Step by step solution

01

Define the Markov chain

The given problem can be described by a Markov chain with states \(0, 1, 2, \dots, m\), where the nth state represents the number of type 1 genes in the nth generation. The transition probability matrix P is given by: $$ P_{ij}=\left(\begin{array}{c} m \\ j \end{array}\right)\left(\frac{i}{m}\right)^{j}\left(\frac{m-i}{m}\right)^{m-j}, \quad j=0,1, \ldots, m $$ for state i transitioning to state j.
02

Find Expected Value of \(X_n\)

To find the expected value of \(X_n\), we use the recursive relationship of the Markov chain given by: $$ E\left[X_{n}\right] = \sum_{j=0}^{m} j \cdot P_{ij} $$ Starting with \(X_0 = i\), we have: $$ E\left[X_{1}\right] = \sum_{j=0}^{m} j \cdot P_{ij} $$ Similarly, we can calculate the expected value for each generation \(X_n\) by plugging in the transition probabilities. The expected value of the number of type 1 genes in the nth generation, given that the starting population has i type 1 genes, is: $$ E\left[X_{n}\right] = \sum_{j=0}^{m} j \cdot P_{ij} $$ The expected number of type 1 genes in the nth generation does not depend on n, as we have a stationary Markov chain. Thus, we can find the expected value by finding the stationary distribution of the Markov chain.
03

Absorbing Markov chain

In order to find the probability that eventually all the genes will be type 1, we can treat this Markov chain as an absorbing one, in which the state with all type 1 genes (state m) is the absorbing state.
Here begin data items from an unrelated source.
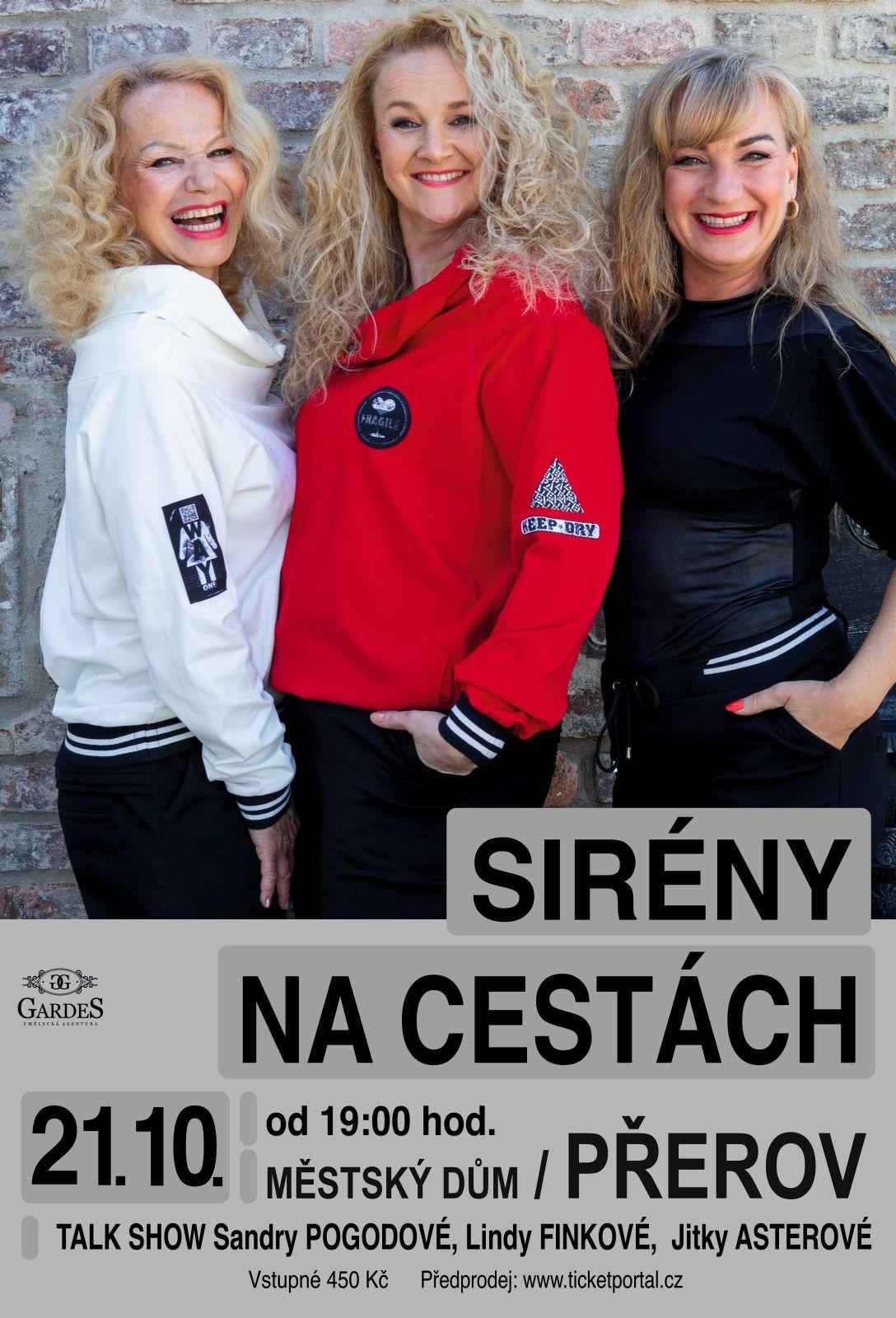 Sirény na cestách - Divadlo 21.10.2025 od 19:00 do 21:00 hod. Městský dům Přerov, Přerov | Mapa Talk show Sandry Pogodové, Jitky Asterové a Lindy Finkové. Předprodej vstupenek v síti Ticketportal.
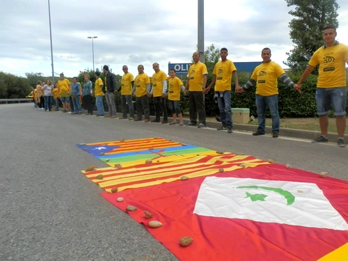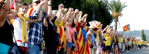 ورفع الكاطالونيين خلال هذا الحدث شعارات وأعلام الحركة الانفصالية و أياديهم متشابكة عبر المدن و على طول الطرق الريفية حسب مصادر صحفية دولية.
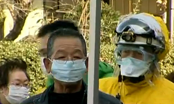 La autoridad de Japón mide los niveles de radiación en la gente.

We can write the matrix P as follows: $$ P = \begin{pmatrix} Q & R \\ 0 & 1 \\ \end{pmatrix} $$ where Q is an \((m-1) \times (m-1)\) matrix of transient states and R is an \((m-1) \times 1\) column matrix representing the probability of transitioning from a transient state to the absorbing state.
04

Finding Fundamental matrix

First, we need to find the fundamental matrix N for the absorbing Markov chain, which is given by: $$ N = (I - Q)^{-1} $$ where I is the identity matrix of size \((m-1)\).
05

Probabilities of absorbing

To find the probability matrix of absorbing for the stopping time of the chain, we need to multiply the fundamental matrix (N) with the matrix R: $$ B = NR $$ The element B(i,m) of the resulting matrix B will give the probability that eventually all the genes will be type 1, given that the starting population had i type 1 genes. Thus the probability that all genes will eventually be type 1 given that the starting population has i type 1 genes is given by B(i, m).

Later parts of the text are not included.